Difference between revisions of "Part:BBa K4759020"

Latest revision as of 06:11, 12 October 2023

hemA

A gene coding for glutamyl-tRNA reductase (GluTR),Glutamyl-tRNA reductase catalyzes the first step of porphyrin biosynthesis. Forms part of the pathway for the biosynthesis of 5-aminolevulinate from glutamate, known as the C5 pathway, which is used in most eubacteria, and in all archaebacteria, algae and plants.

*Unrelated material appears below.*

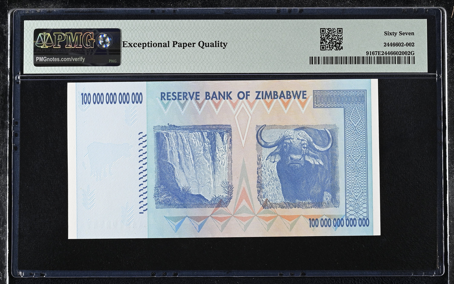 Zimbabwe 100 Trillion Dollars 2008 P 91 Superb Gem UNC PMG 67 EPQ Misaligned ERR

(S)-4-amino-5-oxopentanoate + NADP⁽⁺⁾ + tRNA(Glu) <=> H⁽⁺⁾ + L-glutamyl-tRNA(Glu) + NADPH

Design

We cloned this gene and constructed the recombinant plasmid pCDFDuet-hemA-hemL to express hemA in engineered bacteria

Usage and Biology

We divided the synthesis pathway of heme into two parts, one is the synthesis pathway of heme premise ALA (upstream), and the other part is the synthesis pathway of ALA to heme (downstream). For the upstream pathway, there were two pathways from glutamate to ALA, one was the C4 pathway and the other was the C5 pathway. The C4 pathway had been enhanced by the existing team, and the experimental results showed that the effect was not as good as the C5 pathway, so we chose the C5 pathway for modification. The C5 pathway had two key genes, one was hemA and the other was hemL. So we constructed plasmids containing hemA and hemL, and overexpressed them by transforming recombinant plasmids to E. coli. The downstream pathway, that was, the synthesis pathway of heme, involved 7 genes, of which 4 genes (hemB, hemD, hemC, hemH) were more critical, according to the literature. Therefore, we also constructed and overexpressed plasmids containing hemB , hemD, hemC , and hemH .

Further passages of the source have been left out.